Today San Antonio remains quite apart from the other big cities in Texas. It lacks an oil-fueled skyscraper-downtown like Dallas and Houston, and is an overwhelmingly Hispanic city, with around 65 percent of the population claiming Hispanic or Latino identity. The Mexican border is just 2.5 hours away. It’s also a major military hub, the city center ringed by Lackland Air Force Base, Brooke Army Medical Center, Randolph Air Force Base, and Fort Sam Houston.

Most sights are located in Downtown San Antonio, a strollable area thanks in part to River Walk, the neighboring King William Historic District (south), and in Pearl/Broadway Corridor (north). Beyond here, the city is vast and sprawling, with other major attractions like SeaWorld more easily accessible by car.

In terms of accommodation, the main choice is whether to spend a little more to stay in or near Downtown, or to save money in one of the numerous motels and chain hotels that line the major highways and surround it.
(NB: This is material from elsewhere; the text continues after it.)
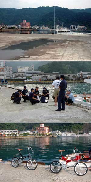 そういえば自分はもう5日も風呂にはいっていない、近くに風呂屋があるというので歩いて出かけることになった。 さっぱりして食料を買いたしそのまま食事をするかどうか迷ったが、とりあえず船に荷物を置いてから出かけようということになり、船に戻ると待ちかまえたように海上保安部の職員が7人も来た、何だろうと思っていると「書類を見せて下さい」という。そして書類を広げ即座に写真を撮り始めるではありませんか(中の写真)。 「あなたたち何処から来たのですか」「三重県から」。「あなたたち航行区域違反ですよ」「エエエッツ」。 甲賀丸は漁船登録してあるけれど、航行区域が12マイルまでとなっているので宝島から奄美大島までの間が宝島からも奄美大島からも12マイルではとどかないので違反なのだという。「書類は預かります」「明日9時から取り調べをしますので保安部まで来てください」とのこと。翌日朝9時から始まった取り調べは昼食をはさんで何と4時までかかったのです。調べたことは 1)何処から何処を通ってここまで来たのか 2)何故、航行区域違反であることに気ずかなかったのか の2点だけなのです、それに6時間もかかったのです。聞いてはいたけれど悪評高い海上保安庁の取り調べに精気を全部吸い取られていくのです。 聴けば、甲賀丸の動向はすでにマークされ屋久島や種子島を何時に出航したのか通報されていたようです。 上陸したときに島の中を走り回れるように用意した自転車が「取り調べ」の足になるとは・・・。 この取り調べに要した1日が唯一風も波もない絶好の釣り日和の1日だったのです。 |

San Antonio is filled with indie motels offering rock-bottom rates, but the chains are usually safer, offer better quality, and are not much more expensive. If you can afford it, you’ll have a much better time staying in Downtown or the adjacent neighborhoods.

San Antonio does maintain a good (and cheap) bus network through VIA Metropolitan Transit, but if you aim to explore the greater metro area (or stay in a motel on a highway), it’s a lot more convenient to rent a car. If you’re going to be staying primarily in Downtown, though, there’s no need for one; driving here can be stressful and parking is expensive.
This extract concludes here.